I’m reading and enjoying Phyllis Schieber’s The Manicurist. One of the novel’s characters, Ursula, reminds me of my mother. Like Ursula, my mother was mentally ill, and suffered major depressive episodes, dipping into psychosis at times, if not outright bi-polarity. Both Ursula and my mother were stunningly beautiful and neither was institutionalized because their husbands prevented that from happening. In my mother’s case, my father refused to have my mother separated from my sister and me, since she only suffered from her “nerve disease” (as her condition was called in the 1950s in Israel) in winter time. In the summer, my mother thrived. In these happier times, she became a mother who cared for her daughters and was always over-protective of me.

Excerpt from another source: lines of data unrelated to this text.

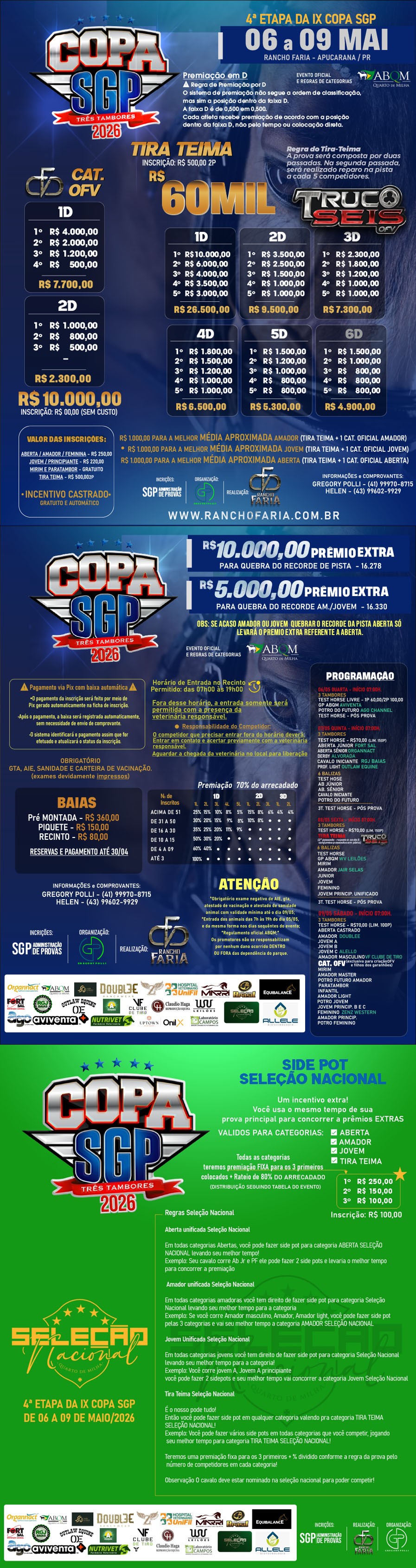 4ª Etapa da IX Copa SGP - 06 a 09 de Maio de 2026 - Rancho Faria - Apucarana, PR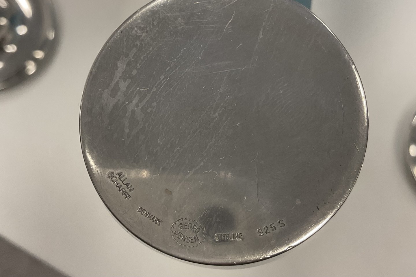 Georg Jensen / Holmegaard Sterling Sølv og glas 3 armet lysestage af Allan Scharff
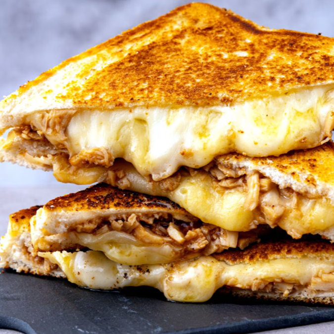 Pan blanco con mayonesa, jamón, queso, mayonesa, pollo asado y chile jalapeño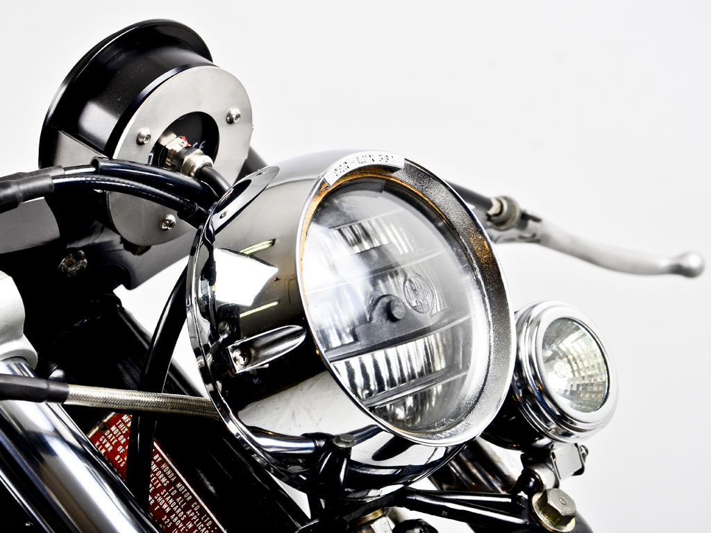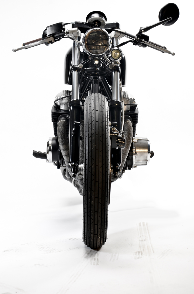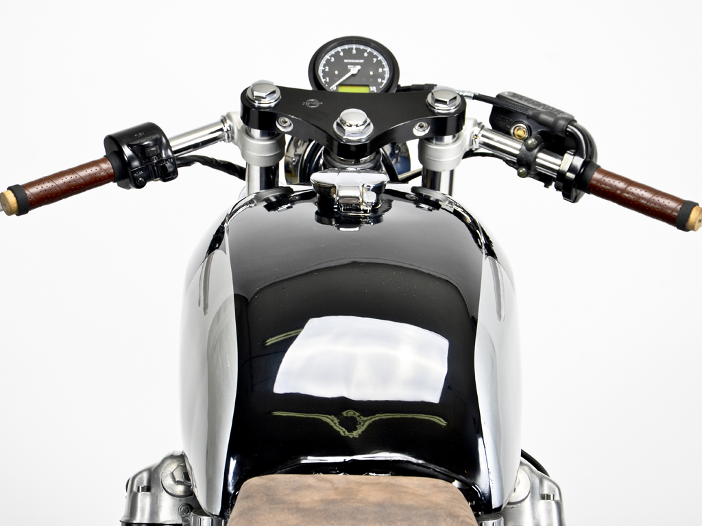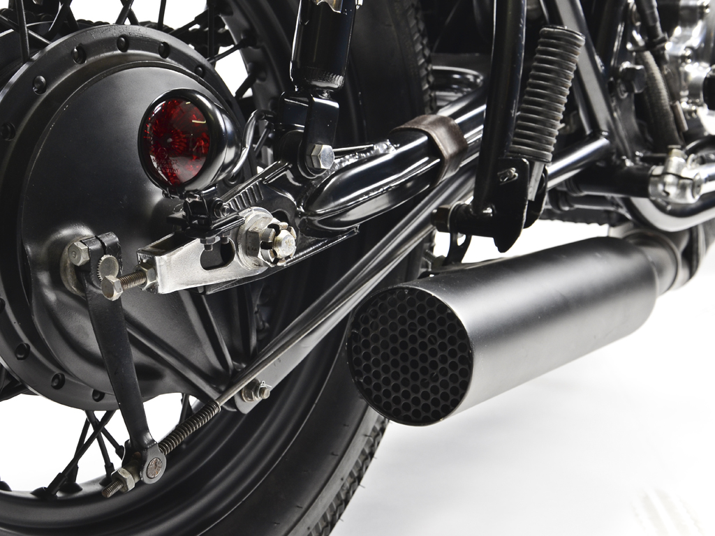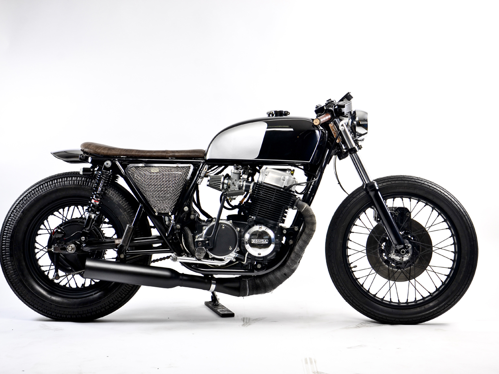 A 1975 Honda CB750 featuring, custom tail and leather seat with swappable 'Brat style' leather seat. Vintage driving headlight and mini fog/headlight. Clip-ons with leather wrapped hand grips. Front end lowered one inch and rear YSS shocks. 4 into 1 heat wrapped headers. Carbs tuned with pod style filters. Stainless steal mesh side covers. Modern master cylinder, stainless steel braided brake line and MotoGadget speedometer. Completed with a black and bare metal paint scheme.

Ursula’s daughter, Tessa, could not come to terms with her haunting memories of her mother’s illness—at least not in the parts of the book I have completed. I, however, was able to make peace with most of my own recurring memories. Unlike Ursula, my mother did not abandon me. Still, there are names my mother called me and harsh things she told me that have been harder to process and have had a lasting effect on my own mental disposition.
When I was a child, and then a teenager and a grownup, my mother repeatedly told me that she would have committed suicide were it not for my sister and me. I do not know if she chose life because we were rays of hope in her existence, or because she felt responsible for us as the mother of two young girls. One way or the other, I was glad she stayed alive, although I admit it is sometimes hard to think that she might have lived in misery for our sake.

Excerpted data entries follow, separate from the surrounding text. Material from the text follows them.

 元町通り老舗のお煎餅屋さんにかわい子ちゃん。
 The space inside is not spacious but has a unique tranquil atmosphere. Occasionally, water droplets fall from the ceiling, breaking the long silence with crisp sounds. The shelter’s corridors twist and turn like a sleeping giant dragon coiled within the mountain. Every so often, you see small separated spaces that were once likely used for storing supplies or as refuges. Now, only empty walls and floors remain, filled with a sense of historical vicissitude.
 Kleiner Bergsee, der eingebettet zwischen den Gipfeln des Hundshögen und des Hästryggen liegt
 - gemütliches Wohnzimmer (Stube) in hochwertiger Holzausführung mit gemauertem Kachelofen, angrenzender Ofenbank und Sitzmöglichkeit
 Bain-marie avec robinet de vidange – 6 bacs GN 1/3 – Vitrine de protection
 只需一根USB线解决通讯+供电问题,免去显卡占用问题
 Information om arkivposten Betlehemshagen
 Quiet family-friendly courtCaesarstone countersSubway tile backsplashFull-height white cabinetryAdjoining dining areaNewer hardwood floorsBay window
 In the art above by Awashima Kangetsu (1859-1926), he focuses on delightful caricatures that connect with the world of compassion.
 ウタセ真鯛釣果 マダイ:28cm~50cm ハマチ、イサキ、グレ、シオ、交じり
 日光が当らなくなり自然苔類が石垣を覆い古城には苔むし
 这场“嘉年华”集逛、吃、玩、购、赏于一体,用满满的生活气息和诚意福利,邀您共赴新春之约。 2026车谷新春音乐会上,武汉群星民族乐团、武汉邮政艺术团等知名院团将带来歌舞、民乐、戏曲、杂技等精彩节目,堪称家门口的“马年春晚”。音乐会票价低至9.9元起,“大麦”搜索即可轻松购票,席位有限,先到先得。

I have powerful childhood memories of her illness. The most distressing is an episode that happened in the winter of 1950, when I was six. It was an experience I fully describe in my memoir War Widow. I was standing alone on the balcony of my aunt’s apartment, watching through a glass door as my mother started to undress; her bare breast and back completely revealed. Her sisters yelled at her to do stop, their husbands being present, too. But appearing as if she was in a trance, her big green eyes like that of a stranger, she did not stop. My father, himself looking distraught, tried to stop her, grabbing her hands. But she fought him off. It was then that, sobbing, he began hitting her naked back with both his hands, trying to get her out of her spell. She quickly came back to her senses.

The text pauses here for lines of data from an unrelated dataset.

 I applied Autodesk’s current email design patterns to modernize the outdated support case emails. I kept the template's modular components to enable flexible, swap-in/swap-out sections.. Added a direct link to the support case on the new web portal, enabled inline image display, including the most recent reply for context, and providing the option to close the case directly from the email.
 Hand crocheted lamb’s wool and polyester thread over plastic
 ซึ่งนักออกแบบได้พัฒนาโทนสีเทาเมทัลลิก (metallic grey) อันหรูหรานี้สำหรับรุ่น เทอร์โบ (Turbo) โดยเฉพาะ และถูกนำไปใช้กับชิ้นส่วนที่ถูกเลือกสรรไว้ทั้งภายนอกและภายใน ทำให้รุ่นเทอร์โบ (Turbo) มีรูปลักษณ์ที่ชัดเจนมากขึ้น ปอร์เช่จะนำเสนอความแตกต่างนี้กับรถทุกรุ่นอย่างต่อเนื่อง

I remember my terror and the sense of sorrow I felt for my father, coupled with a keen sense of understanding that I should stay on the terrace. I knew enough not to cry or be heard, and I understood that no one inside that room could pay attention to me, no matter how frightened I was. I knew I had to protect myself using an imagined shield I’d created long ago to help me cope.
But did I think it was my fault that my mother suddenly turned into that unrecognizable wild woman and my temperate father morphed into a seemingly violent man? Did I feel helpless because there was nothing I could do to help my parents? The answers to these questions I do not have. What I am certain of is the compassion I feel for my mother and her memory.
When she was in good health, I felt secure with her and loved. When she was well, she was the mother who put me first, who fought to place me in a better grammar school and who went to school to defend me when necessary. She made me the most beautiful Purim costumes (Purim is a Jewish holiday that commemorates the rescue of the Jewish people in ancient Persia). Many of her costumes won first prizes in school. She was the mother who took me to buy my first bra, even though at fourteen I did not need one yet. She thought it was still important because she said she wanted me to have pretty breasts when I grew into a woman. She was the mother who took me to the dermatologist to prevent acne and to the gynecologist when my menstruation was unsteady. She was the mother who made sure that my sister and I wore the finest clothes and that we ate the best foods that our family could afford. And, in her good moods, she made me laugh with her humorous stories about her shtetl’s colorful characters, such as Motke the ganef (thief), Tzipe the pleplerke (babbler), Moishe the Kailiker (handicapped) Yankel the hoiker (hunchback), and Leib the rizikant (gambler).
These memories, good and bad, stay with me on Mother’s Day and always.